Data in this exercise

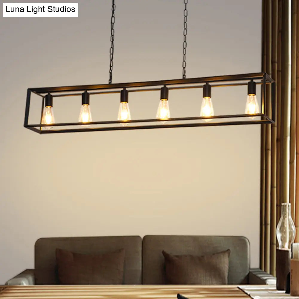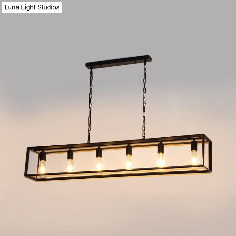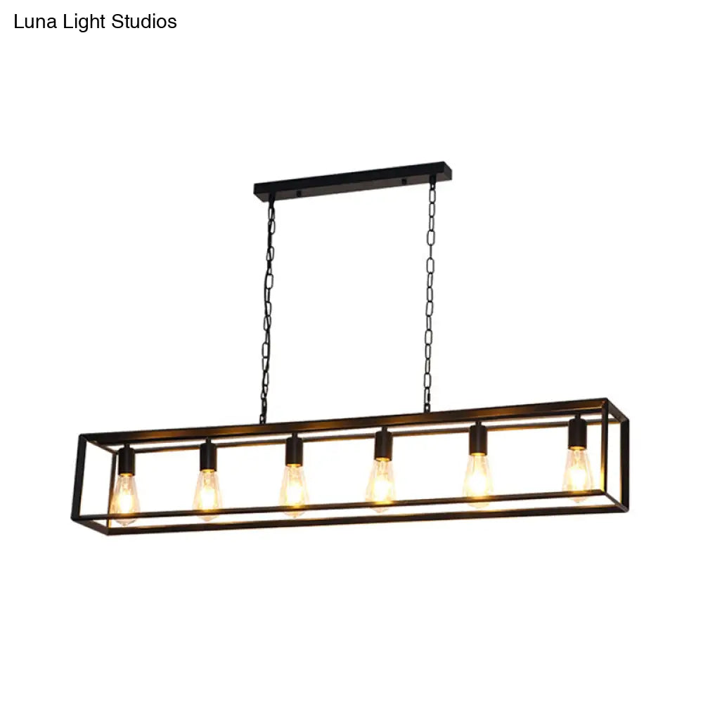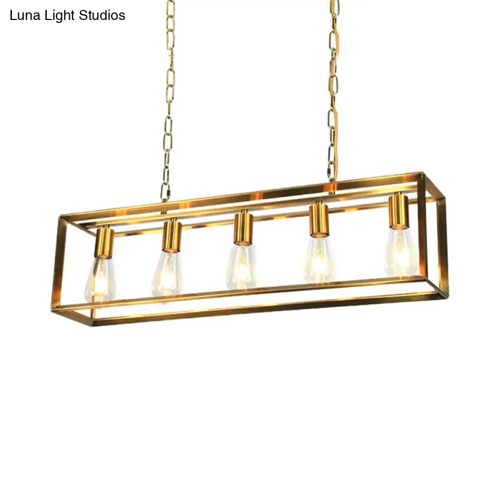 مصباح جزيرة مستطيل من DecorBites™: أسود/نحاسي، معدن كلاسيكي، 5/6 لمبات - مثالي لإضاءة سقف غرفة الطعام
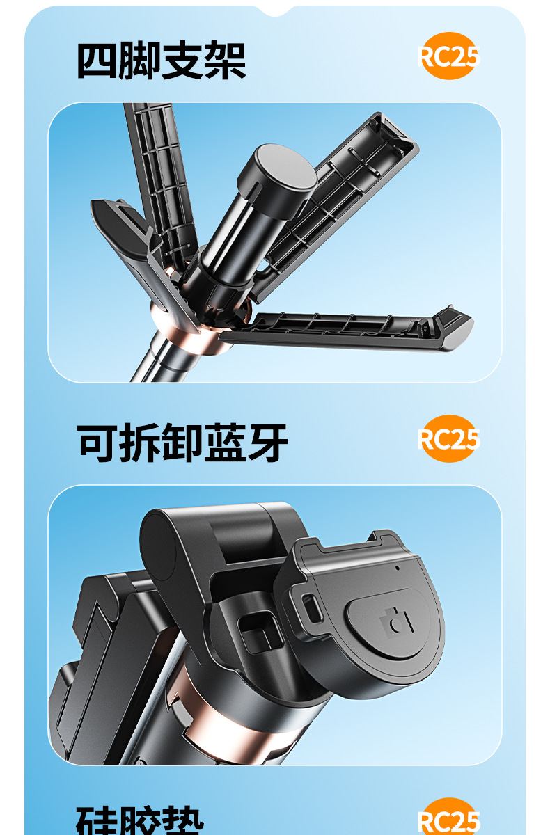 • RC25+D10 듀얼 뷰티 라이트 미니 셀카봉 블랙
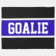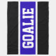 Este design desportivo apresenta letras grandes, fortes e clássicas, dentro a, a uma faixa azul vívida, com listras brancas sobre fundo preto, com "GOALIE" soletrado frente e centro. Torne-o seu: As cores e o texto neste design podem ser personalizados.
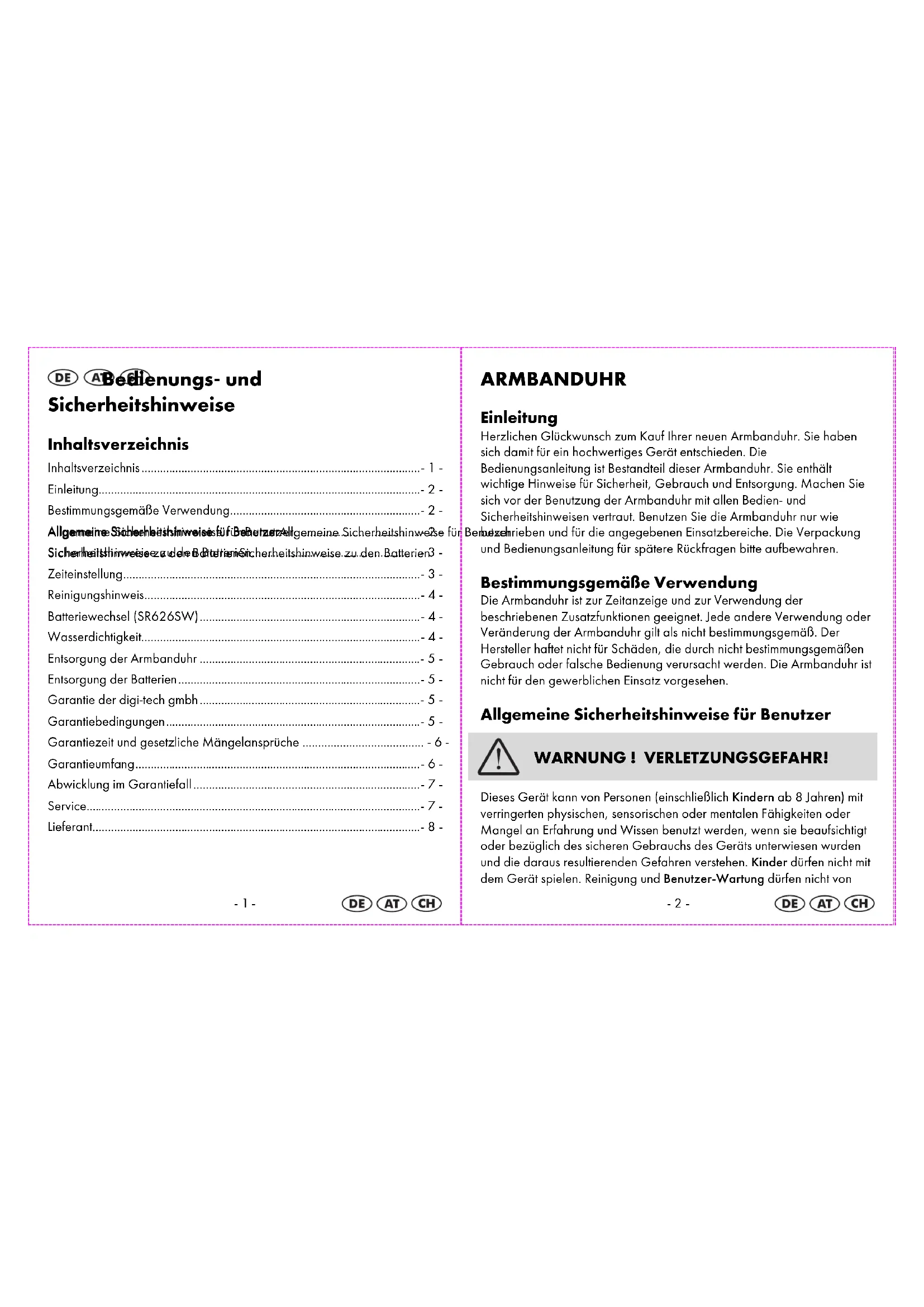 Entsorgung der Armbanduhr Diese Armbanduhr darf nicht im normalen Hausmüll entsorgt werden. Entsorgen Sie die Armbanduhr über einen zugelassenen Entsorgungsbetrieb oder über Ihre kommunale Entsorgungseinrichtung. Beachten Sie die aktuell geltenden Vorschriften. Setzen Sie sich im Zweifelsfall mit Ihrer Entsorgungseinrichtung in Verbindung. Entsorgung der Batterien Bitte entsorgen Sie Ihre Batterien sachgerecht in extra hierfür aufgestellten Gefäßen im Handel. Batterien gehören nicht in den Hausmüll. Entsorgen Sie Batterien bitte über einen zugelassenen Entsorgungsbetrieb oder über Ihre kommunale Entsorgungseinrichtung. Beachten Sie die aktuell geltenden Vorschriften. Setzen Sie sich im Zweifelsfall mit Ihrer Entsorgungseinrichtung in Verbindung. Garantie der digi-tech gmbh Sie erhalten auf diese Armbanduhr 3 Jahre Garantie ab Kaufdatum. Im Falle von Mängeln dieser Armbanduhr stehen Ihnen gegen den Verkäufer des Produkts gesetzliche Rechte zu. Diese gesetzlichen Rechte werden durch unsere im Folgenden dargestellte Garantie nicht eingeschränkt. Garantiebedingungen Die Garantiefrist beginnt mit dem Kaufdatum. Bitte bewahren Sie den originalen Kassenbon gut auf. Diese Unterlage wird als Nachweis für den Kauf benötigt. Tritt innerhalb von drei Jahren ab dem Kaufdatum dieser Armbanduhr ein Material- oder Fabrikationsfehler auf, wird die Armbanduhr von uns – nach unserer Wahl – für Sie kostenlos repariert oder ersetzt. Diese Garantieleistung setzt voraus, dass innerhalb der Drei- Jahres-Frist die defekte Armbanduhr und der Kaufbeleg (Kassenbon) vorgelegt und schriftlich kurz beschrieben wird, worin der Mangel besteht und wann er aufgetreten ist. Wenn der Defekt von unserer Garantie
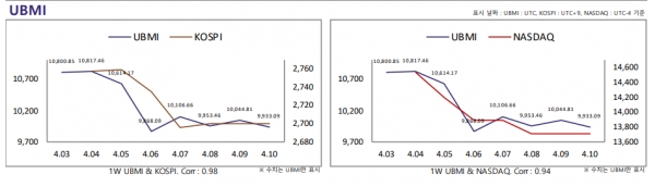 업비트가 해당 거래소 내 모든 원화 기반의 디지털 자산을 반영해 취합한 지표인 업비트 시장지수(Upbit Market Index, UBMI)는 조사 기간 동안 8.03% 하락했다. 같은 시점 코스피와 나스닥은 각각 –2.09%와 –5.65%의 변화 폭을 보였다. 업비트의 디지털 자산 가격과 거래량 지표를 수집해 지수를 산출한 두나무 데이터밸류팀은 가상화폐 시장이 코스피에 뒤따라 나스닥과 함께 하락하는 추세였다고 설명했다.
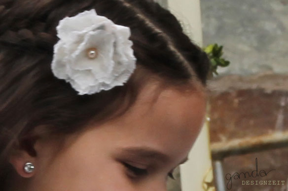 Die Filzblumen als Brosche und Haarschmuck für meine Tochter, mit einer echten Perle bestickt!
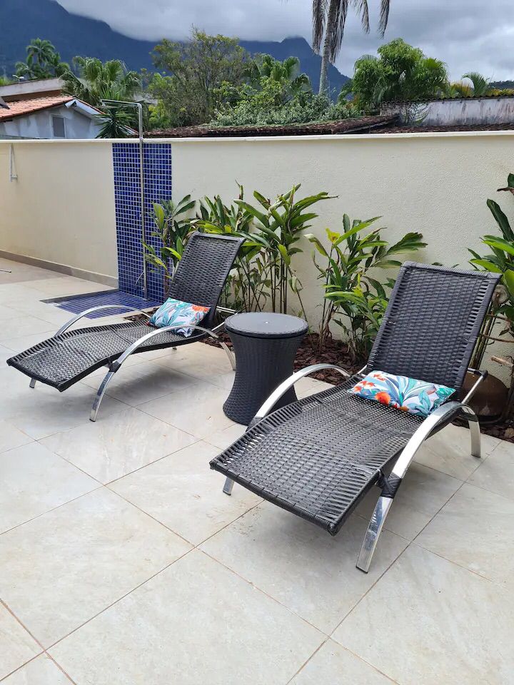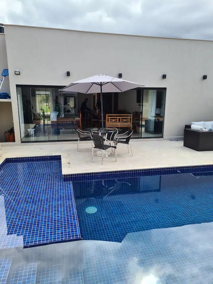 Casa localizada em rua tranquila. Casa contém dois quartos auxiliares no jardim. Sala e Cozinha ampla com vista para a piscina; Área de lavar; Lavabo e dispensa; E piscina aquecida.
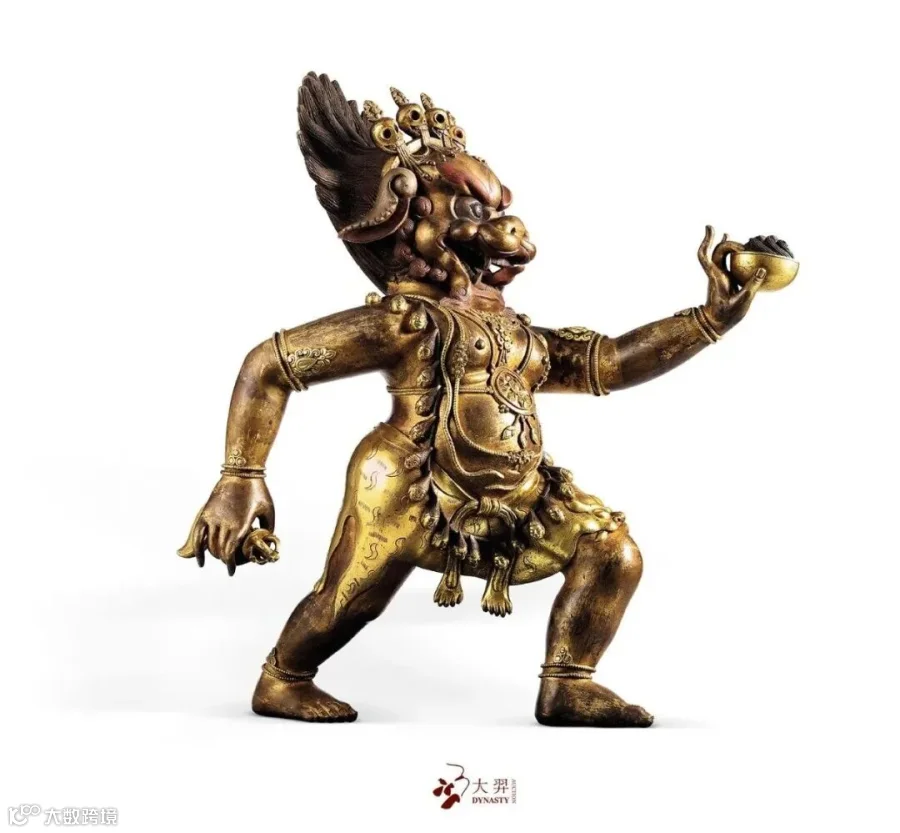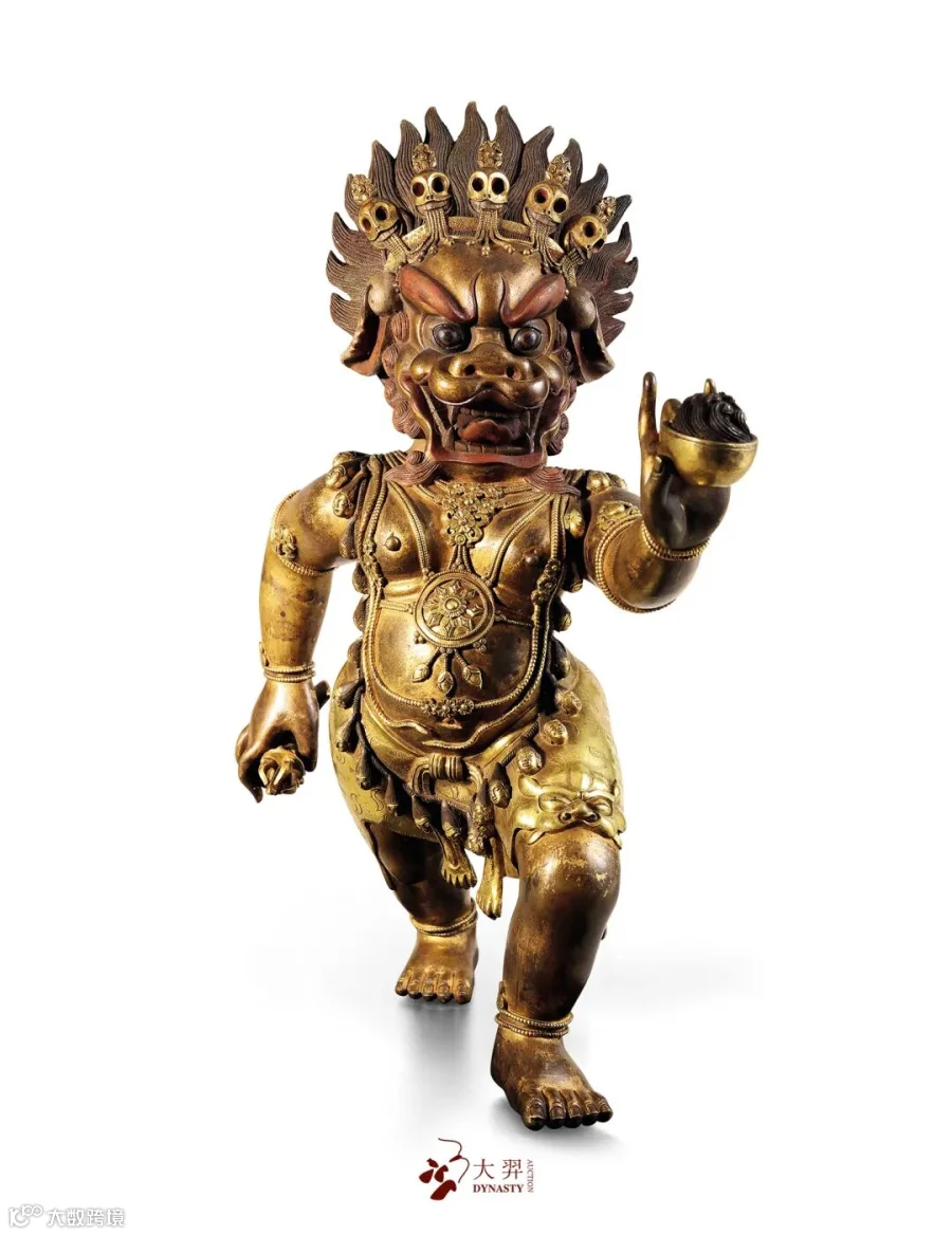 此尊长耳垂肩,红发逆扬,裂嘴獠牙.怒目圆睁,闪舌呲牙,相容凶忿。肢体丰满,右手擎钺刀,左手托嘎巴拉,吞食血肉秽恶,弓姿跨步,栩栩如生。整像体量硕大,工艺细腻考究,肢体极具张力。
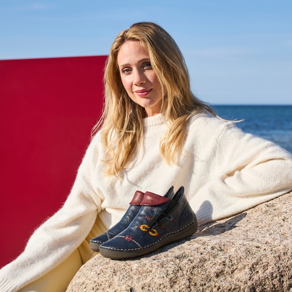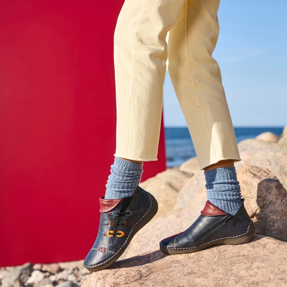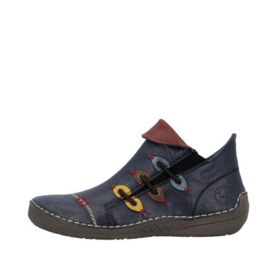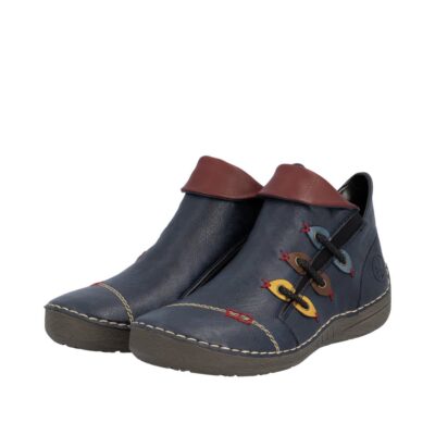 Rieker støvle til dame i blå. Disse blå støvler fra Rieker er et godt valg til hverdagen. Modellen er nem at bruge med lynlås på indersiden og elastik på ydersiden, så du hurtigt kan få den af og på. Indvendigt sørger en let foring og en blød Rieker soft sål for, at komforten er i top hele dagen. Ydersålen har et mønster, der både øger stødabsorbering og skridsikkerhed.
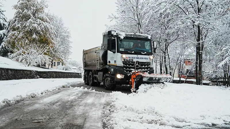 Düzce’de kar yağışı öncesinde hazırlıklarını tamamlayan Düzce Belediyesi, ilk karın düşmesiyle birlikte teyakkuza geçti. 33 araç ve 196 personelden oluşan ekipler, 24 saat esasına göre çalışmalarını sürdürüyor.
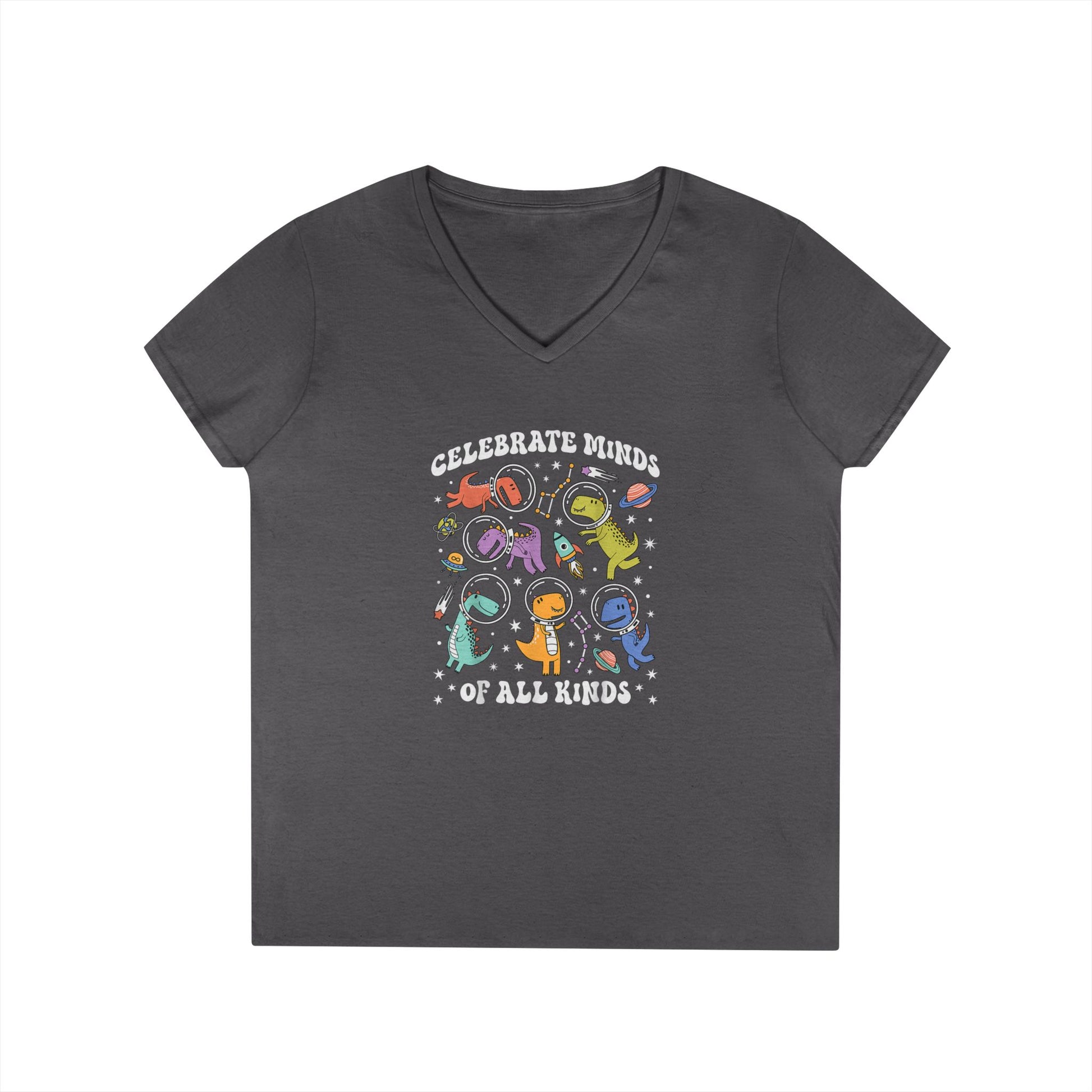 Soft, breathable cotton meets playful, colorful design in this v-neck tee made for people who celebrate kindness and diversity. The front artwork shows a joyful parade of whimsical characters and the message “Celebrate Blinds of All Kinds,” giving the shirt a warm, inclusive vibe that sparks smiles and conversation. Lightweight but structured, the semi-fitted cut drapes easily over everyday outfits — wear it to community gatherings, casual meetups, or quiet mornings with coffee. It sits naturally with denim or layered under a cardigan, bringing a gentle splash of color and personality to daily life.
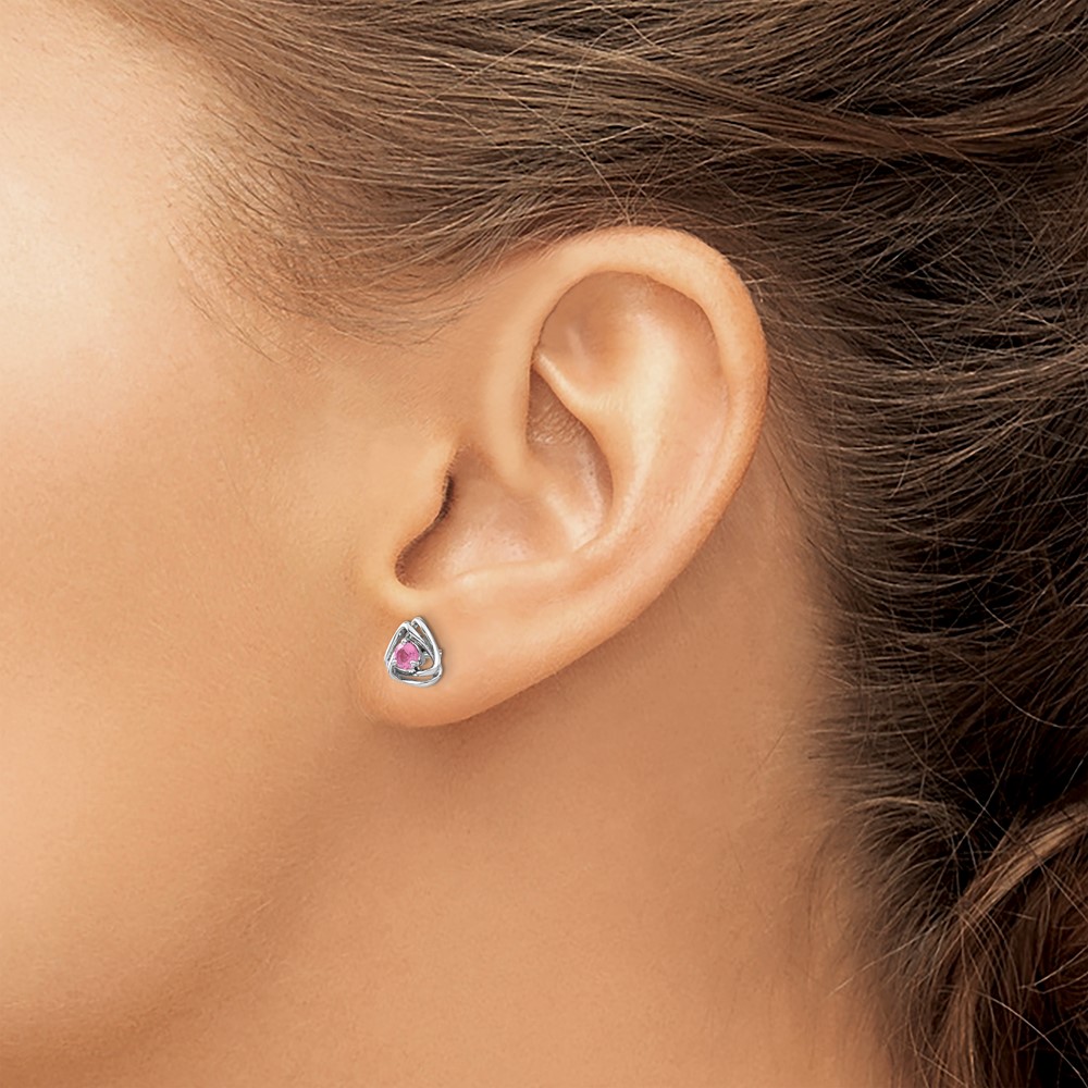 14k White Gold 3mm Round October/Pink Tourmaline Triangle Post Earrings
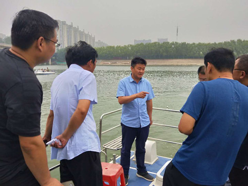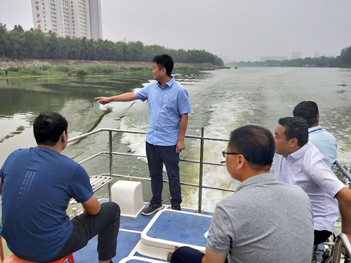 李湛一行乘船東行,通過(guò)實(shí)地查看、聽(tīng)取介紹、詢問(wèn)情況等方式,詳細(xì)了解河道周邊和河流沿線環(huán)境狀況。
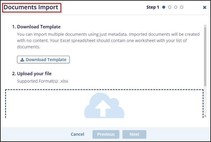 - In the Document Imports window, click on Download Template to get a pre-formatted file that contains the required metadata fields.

Exercise
Please give back exactly the lines from the first line of the records above through the line containing "Este design desportivo", only those and both included, with the pictures removed.

Answer box
 مصباح جزيرة مستطيل من DecorBites™: أسود/نحاسي، معدن كلاسيكي، 5/6 لمبات - مثالي لإضاءة سقف غرفة الطعام
 • RC25+D10 듀얼 뷰티 라이트 미니 셀카봉 블랙
 Este design desportivo apresenta letras grandes, fortes e clássicas, dentro a, a uma faixa azul vívida, com listras brancas sobre fundo preto, com "GOALIE" soletrado frente e centro. Torne-o seu: As cores e o texto neste design podem ser personalizados.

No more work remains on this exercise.